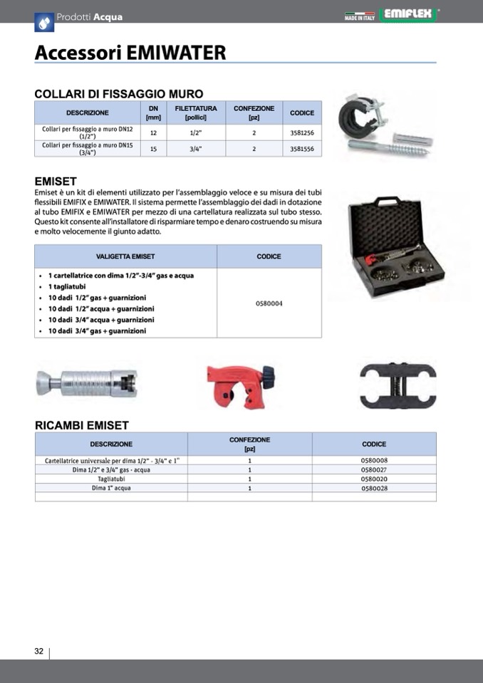 al tubo EMIFIX e EMIWATER per mezzo di una cartellatura realizzata sul tubo stesso.
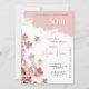 Invitación de cumpleaños 50 Botánica de rosa de copa de vino rojo rústico. El diseño tiene hermosas flores rosadas en brillo falso rosa y pincelada rosada. Agregue sus datos y haga una invitación perfecta para una mujer que está celebrando su cumpleaños cincuenta.
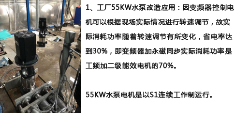 轴向长度缩短10%-30% ①尺寸小、重量轻 ②高负载能力、大峰值扭矩 ③高动态响应 ④正弦化波形、扭矩脉动低 C、启动转矩大,电流小。 异步电机启动过程中,启动转矩小,启动电流却很大,对电网冲击较大,在频繁启停场合有绕组过热风险。永磁同步电机的主磁场恒定,定子电流几乎全部为有功电流,启动电流小,启动转矩大。 D、场地适应性强 全封闭结构,无灰尘杂质干扰,保证电机内部清洁,延长使用寿命。 E、散热能力更强 机壳材料选用优质铝材,采用先进的铝锭挤压拉伸和时效处理,散热能力和结构强度更好。内置过温保护传感器,配合变频器实现自我保护。 四、部分改造案例: 1、工厂55kw水泵改造应用:

○ ○ ○ ○

### Assignment:
Repeat the material above in full and exactly, apart from the pictures.

### Answer for the task:
 al tubo EMIFIX e EMIWATER per mezzo di una cartellatura realizzata sul tubo stesso.
 Invitación de cumpleaños 50 Botánica de rosa de copa de vino rojo rústico. El diseño tiene hermosas flores rosadas en brillo falso rosa y pincelada rosada. Agregue sus datos y haga una invitación perfecta para una mujer que está celebrando su cumpleaños cincuenta.
 轴向长度缩短10%-30% ①尺寸小、重量轻 ②高负载能力、大峰值扭矩 ③高动态响应 ④正弦化波形、扭矩脉动低 C、启动转矩大,电流小。 异步电机启动过程中,启动转矩小,启动电流却很大,对电网冲击较大,在频繁启停场合有绕组过热风险。永磁同步电机的主磁场恒定,定子电流几乎全部为有功电流,启动电流小,启动转矩大。 D、场地适应性强 全封闭结构,无灰尘杂质干扰,保证电机内部清洁,延长使用寿命。 E、散热能力更强 机壳材料选用优质铝材,采用先进的铝锭挤压拉伸和时效处理,散热能力和结构强度更好。内置过温保护传感器,配合变频器实现自我保护。 四、部分改造案例: 1、工厂55kw水泵改造应用:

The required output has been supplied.